Iron ore rebounds but struggles below US$100/T on weak China demand

FILE PHOTO: A man walks by an iron ore blending site at Dalian Port, Liaoning province, China September 21, 2018. REUTERS/Muyu Xu

(Corrects comparative figures in sixth paragraph)

By Enrico Dela Cruz

:Iron ore futures eked out gains in volatile trade on Monday following a string of losses, but benchmark prices struggled under US$100 a tonne due to weak Chinese demand and swelling portside inventory of the steelmaking raw material.

The most-traded January iron ore on China's Dalian Commodity Exchange ended daytime trading 1.4per cent higher at 570.50 yuan (US$89.17) a tonne, after a seven-session sell-off.

Iron ore's December contract on the Singapore Exchange was up 0.5per cent at US$91.95 a tonne by 0705 GMT, after falling 2.2per cent to US$89.45 earlier in the day.

From a record US$232.50 a tonne in May, the spot price of benchmark 62per cent-grade Australian iron ore for delivery to China had sunk more than 140per cent as Chinese demand collapsed, trading at US$94.50 on Friday, the lowest since May 2020, according to SteelHome consultancy data.

Imported iron ore stocked at Chinese ports, which stood at a 31-month high of 145.10 million tonnes last week, based on SteelHome data, added to the downward pressure on prices.

Atilla Widnell, managing director at Singapore-based Navigate Commodities, said he had updated his short-term target price to US$97.92-US$101.16 a tonne CFR China, from an earlier range of US$91.18-US$101.24, as iron ore looked oversold.

Shipments from Australia and Brazil plunged last week by about 4.5 million tonnes compared with the prior week, based on Navigate's estimate.

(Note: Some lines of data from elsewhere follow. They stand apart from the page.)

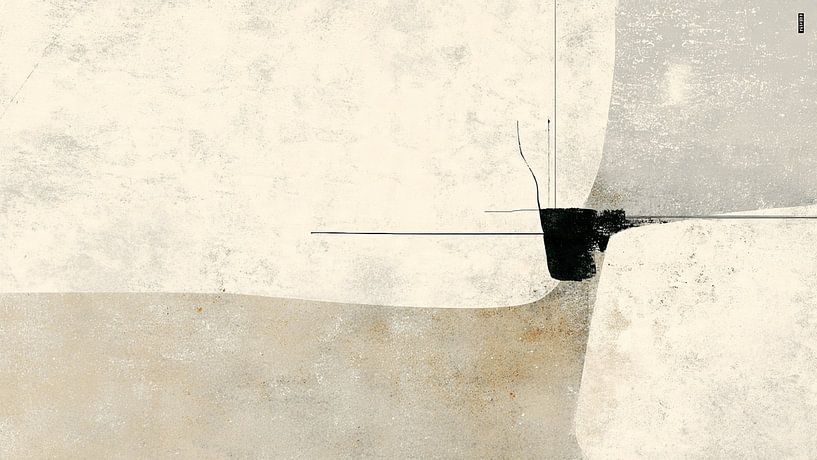 This artwork depicts an abstract composition in which shapes, lines and textures come together to form a modern and harmonious whole. In the centre is a dark shape intersected by clean vertical and horizontal lines. These lines create structure and contrast within the softer, organic background. The background consists of neutral tones…
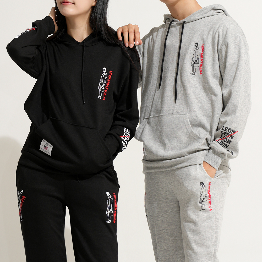 레옹&마틸다 사계절 특양면 후드티셔츠 남여공용 빅사이즈 트레이닝복 일상복~3XL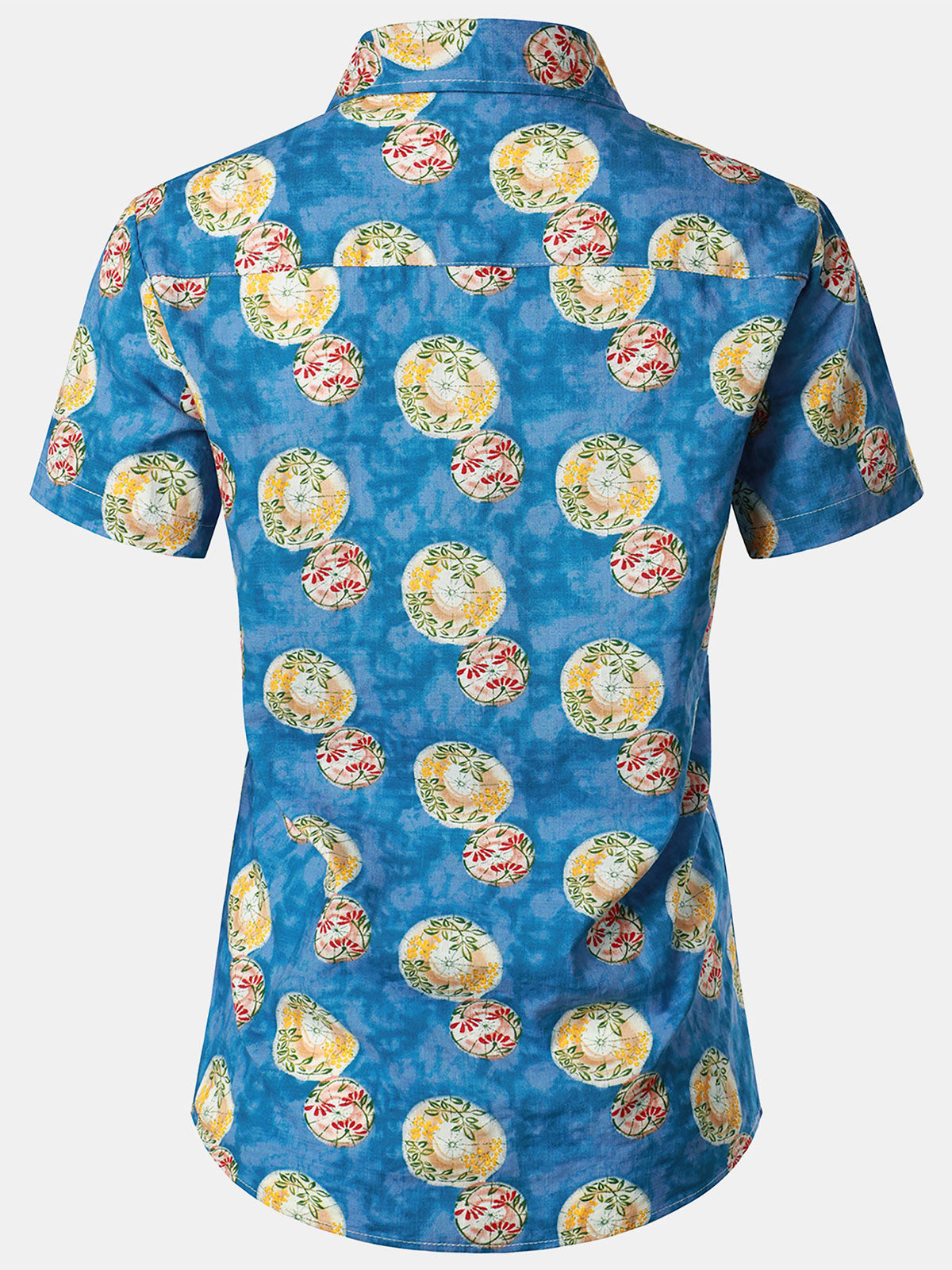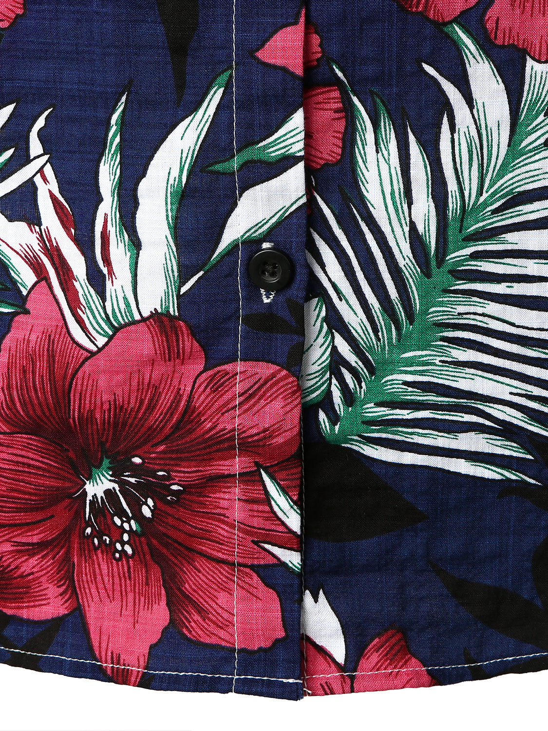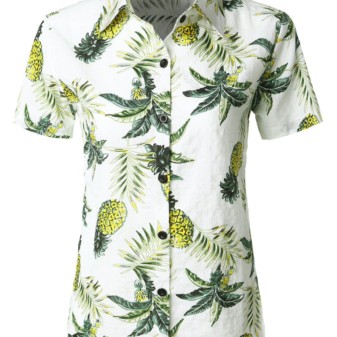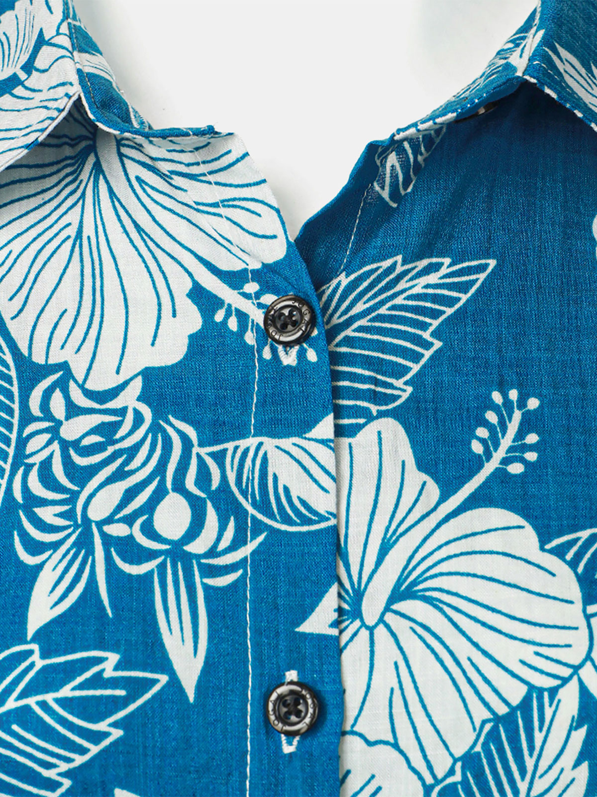 Women's Floral Print Blouse Flower Hawaiian Cotton Summer Aloha Short Sleeve Shirt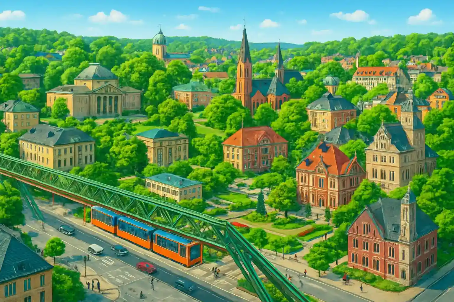 Hur lång tid tar det från Barmen till Düsseldorf? Ca 35–45 minuter, ungefär 40 km västerut via A46 beroende på trafikläget. Kan jag parkera hyrbilen nära Schwebebahn-stationen i Barmen?

"The material decrease in Australian shipments may be an indication that output from high marginal cost producers could now be feeling the pinch from relatively low iron ore prices," Widnell said.

Overall sentiment improved after after data showed top steel producer China's export growth https://www.reuters.com/article/china-economy-trade-idUSKBN2HS024 slowed in October but beat forecasts, as global demand improved.

Construction steel rebar on the Shanghai Futures Exchange jumped 2.6per cent, while hot-rolled coil gained 0.4per cent. Stainless steel was virtually flat.

Dalian coking coal advanced 0.5per cent and coke climbed 1.7per cent.